● **What to work on**: Copy out the data that comes next, character for character, and leave the images aside.

● **Supplied data**:
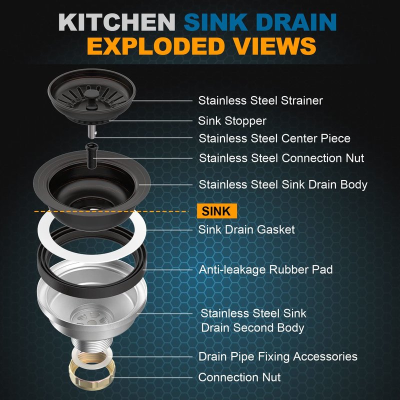 - 3-1/2 INCH KITCHEN SINK DRAIN: Fits for all standard American sink drain with 3.5 inch drain hole (Supports up to 0.59'' sink thickness). This kitchen sink drain assembly combines solid construction with ease of use
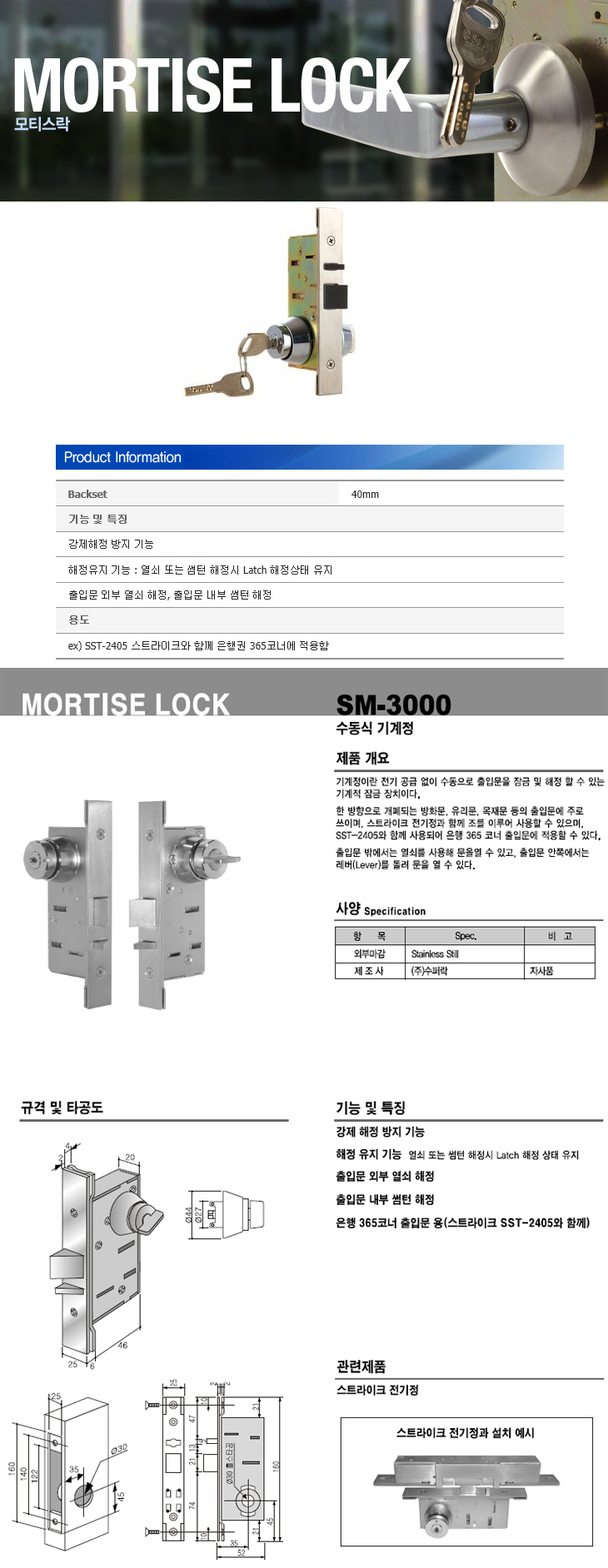 [SU] ¼öµ¿½Ä±â°èÁ¤(SM-3000, 40mm)(Mortise Lock)
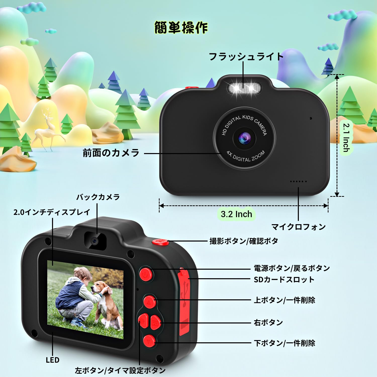 * 【SDカード付きのキッズカメラ】初めから32Gのカードが付属するので届いたらすぐに遊べます! キッズカメラ、typeC USB充電ケーブル、32GBメモリーカード、キャリングストラップ、ユーザーマニュアル(英語と日本語のマニュアルダウンロード可能)が含まれ。1年間の保証が付いており、品質に関する問題がある場合、1年以内であれば無料で修理または交換いたします。
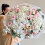 Hydrangea - 12 шт. Lisianthus - 10 шт. Leaves - 5 шт. Orchid - 2 шт. pink roses - 20 шт.
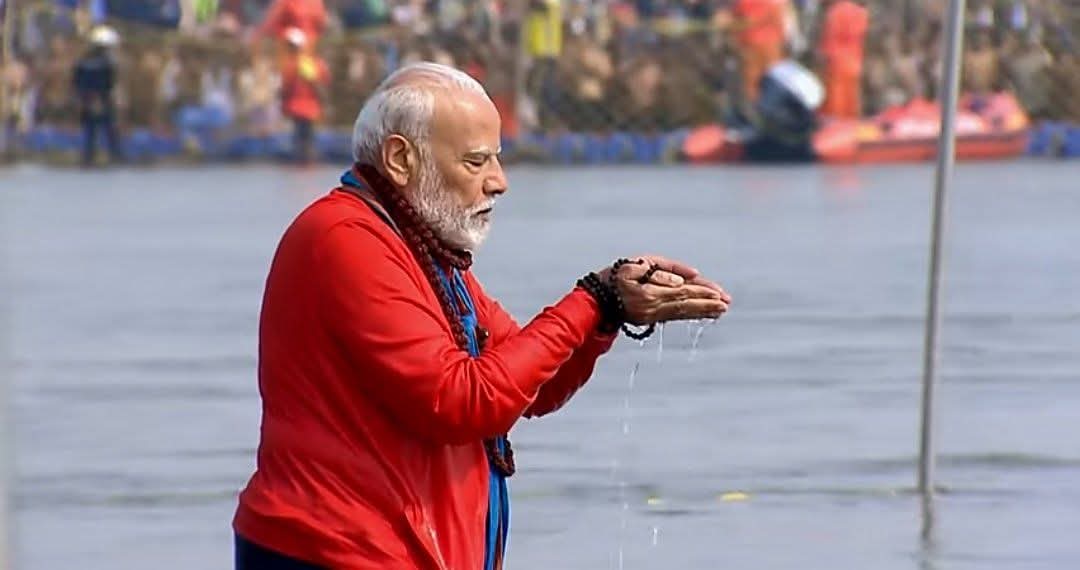 पीएम मोदी ने संगम में लगाई आस्था की डुबकी, सीएम योगी भी साथ में मौजूद

● **Finished task**:
 - 3-1/2 INCH KITCHEN SINK DRAIN: Fits for all standard American sink drain with 3.5 inch drain hole (Supports up to 0.59'' sink thickness). This kitchen sink drain assembly combines solid construction with ease of use
 [SU] ¼öµ¿½Ä±â°èÁ¤(SM-3000, 40mm)(Mortise Lock)
 * 【SDカード付きのキッズカメラ】初めから32Gのカードが付属するので届いたらすぐに遊べます! キッズカメラ、typeC USB充電ケーブル、32GBメモリーカード、キャリングストラップ、ユーザーマニュアル(英語と日本語のマニュアルダウンロード可能)が含まれ。1年間の保証が付いており、品質に関する問題がある場合、1年以内であれば無料で修理または交換いたします。
 Hydrangea - 12 шт. Lisianthus - 10 шт. Leaves - 5 шт. Orchid - 2 шт. pink roses - 20 шт.
 पीएम मोदी ने संगम में लगाई आस्था की डुबकी, सीएम योगी भी साथ में मौजूद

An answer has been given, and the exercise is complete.